Sit with your back straight, shoulders back and down and your head looking forward. Relaxing the shoulders so they are down, away from your ears, is essential for proper stretching and reducing the potential for injury.
Turn your face toward one shoulder, moving slow and keeping your head up and chin parallel to the floor. Do not turn your head to the point of pain, but enough to feel the stretch. Hold this position for several moments, then slowly shift your face upward while keeping your chin over your shoulder. Hold for several moments, then lower your face slowly and return to facing straight in front of your chair. Repeat on the other side, and perform three to five sets.
Lower your chin and gaze toward the center of your chest, as low as you can without pain. Hold this position for several moments then slowly rotate your face to one side, just enough to feel a stretch in your neck. There should be no pain. Hold this position for a moment then slowly rotate face to the other direction, pausing briefly at the center of your chest again. Hold the position for a moment, with your face turned to the side. Rotate face back to the center of your chest then slowly lift up to the start position. Repeat three more times.
Sit with your face forward, shoulders relaxed and down in a natural position, away from your ears, and chin parallel to the floor.
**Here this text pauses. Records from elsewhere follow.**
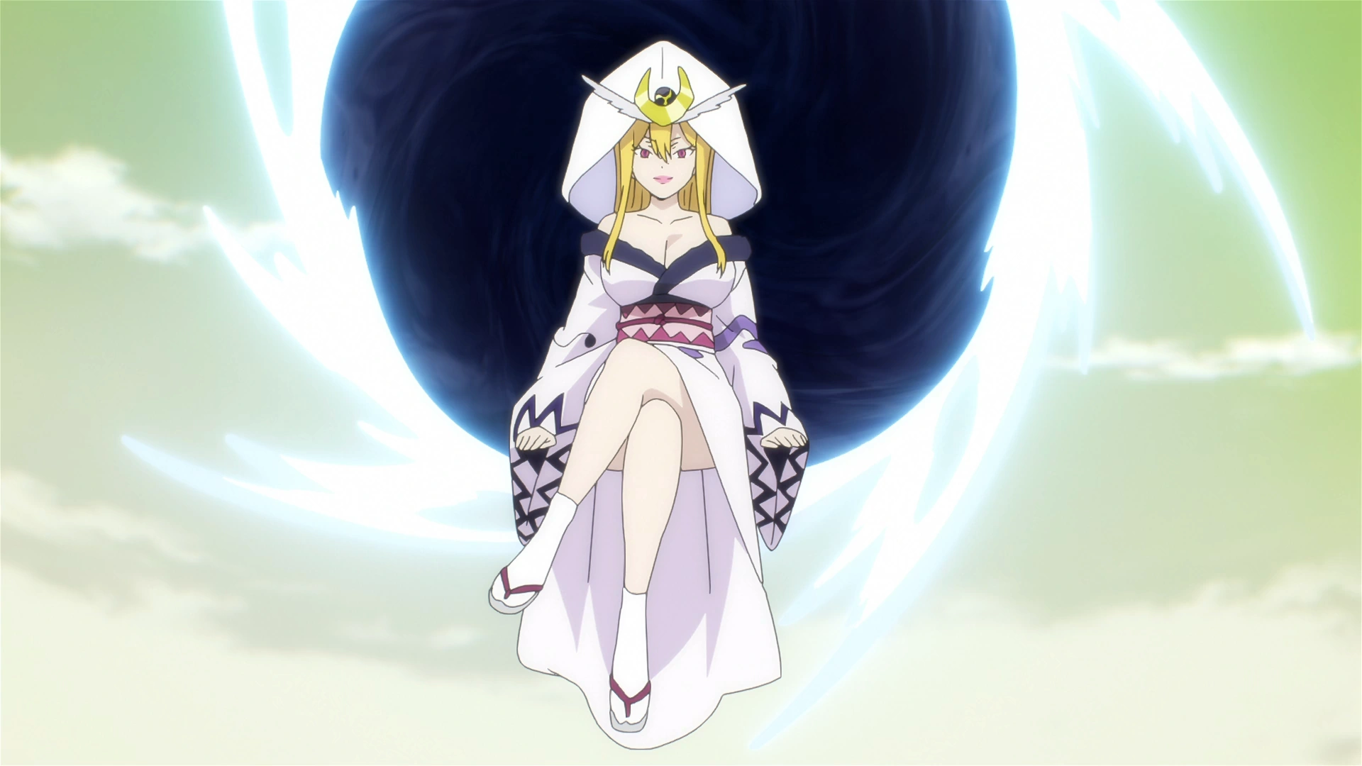 Elle est revue plus tard dans sa demeure en disant à ses prêtresses de lui ramener les membres de Fairy Tail. Conformément à ses ordres, elle est vue à la montagne de la lune noire en compagnie de ses servantes et déesses en train de faire la fête et manger devant Natsu et Grey. Après avoir fait grossir la lune, elle envoie Natsu et Grey sous la montagne de la lune noir pour les voir se battre contre des Yokai.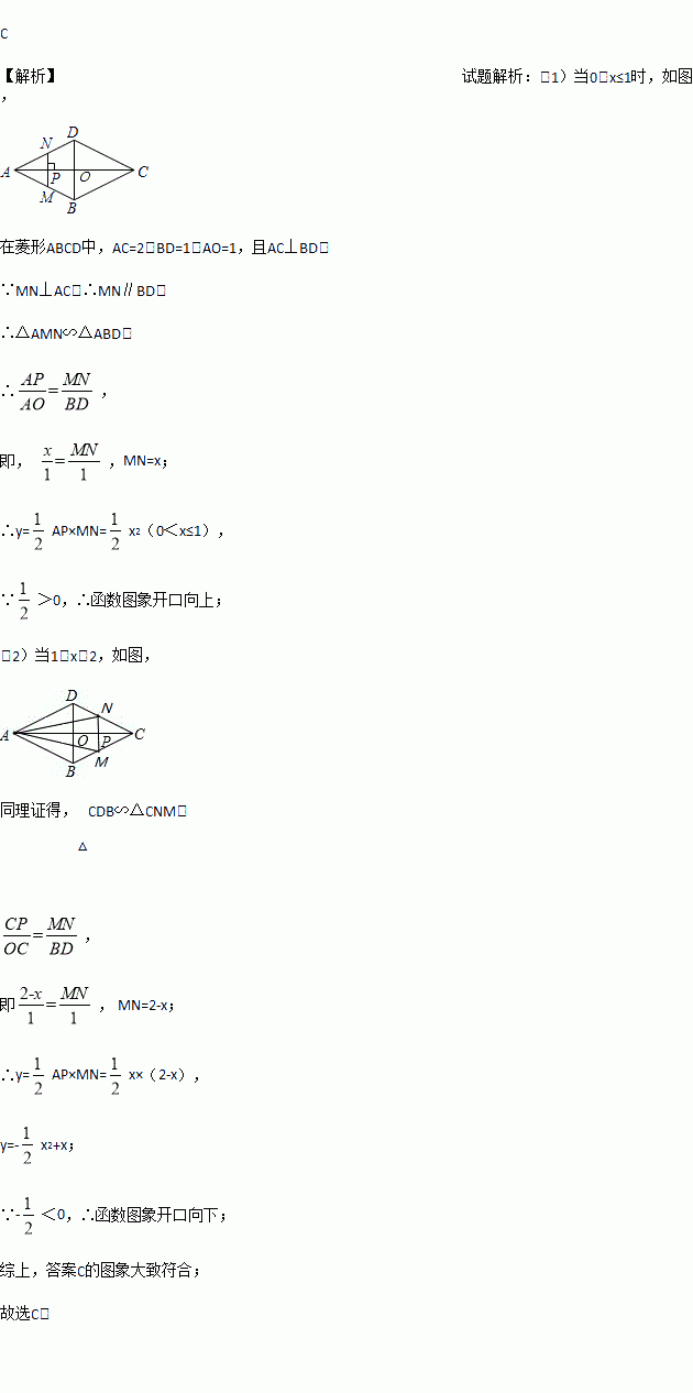 如图所示,P是菱形ABCD的对角线AC上一动点,过P垂直于AC的直线交菱形ABCD的边于M、N两点,设AC=2,BD=1,AP=x,△AMN的面积为y,则y关于x的函数图象的大致形状是( )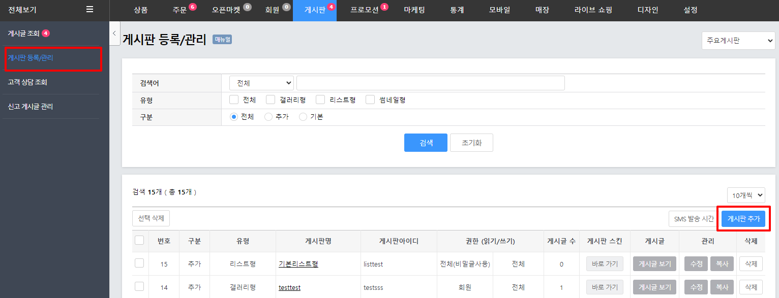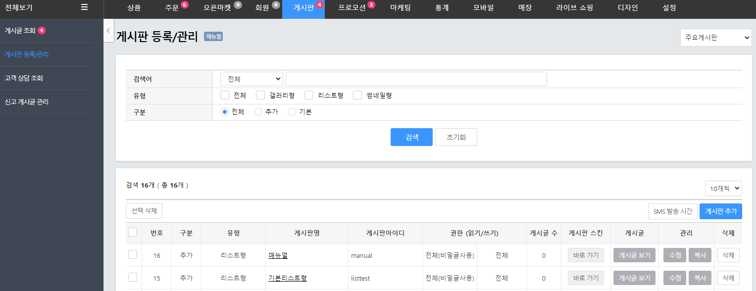 3. 게시판이 생성되면 '게시판 등록/관리'에서 확인할 수 있습니다.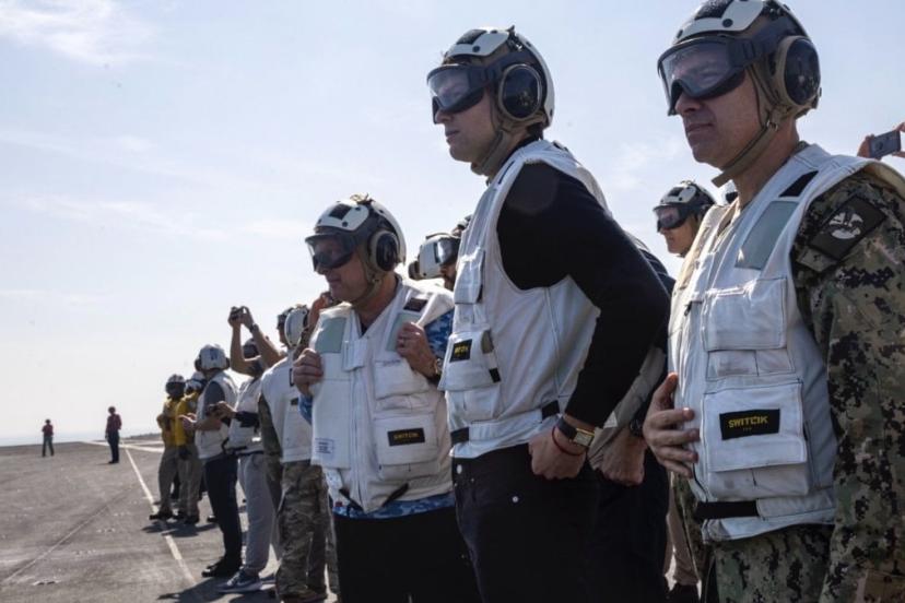CENTCOM'un açıklamasına göre, Amiral Cooper, Witkoff ve Kushner ile Umman Denizi'nde seyreden uçak gemisindeki mürettebatı ziyaret etti.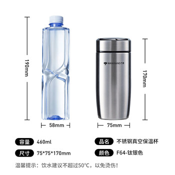 万象(WANXIANG)保温杯316不锈钢内胆460ML商务办公带茶漏大容量弧形泡茶杯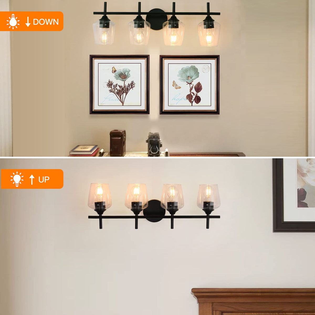 Foucasal Black Bathroom Light Fixtures - 4-Light Vanity Light With Clear Glass Shade, Industrial Matte Wall Lights For Bedroom H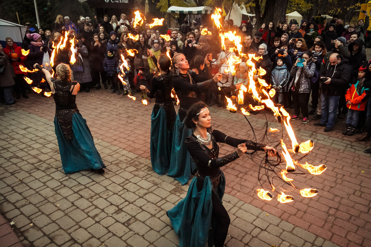 В программе мероприятия масштабное фаер-шоу, конкурс огненных и пиротехнических театров, обряды друидов, экстремальное трюковое шоу «Шотландская пехота» и выступление шотландских волынщиков.

Slowly bring your right ear toward your right shoulder, without lifting your shoulder. The ear and shoulder won’t touch, but should stay in line with each other. Hold for a moment. Lower your left shoulder slowly, only a little bit, to intensify the stretch on the left side of your neck. Hold for a moment. Release the stretch and lift the head back to the start position. Repeat on the left side, lowering the right shoulder for the stretch. Repeat three more times.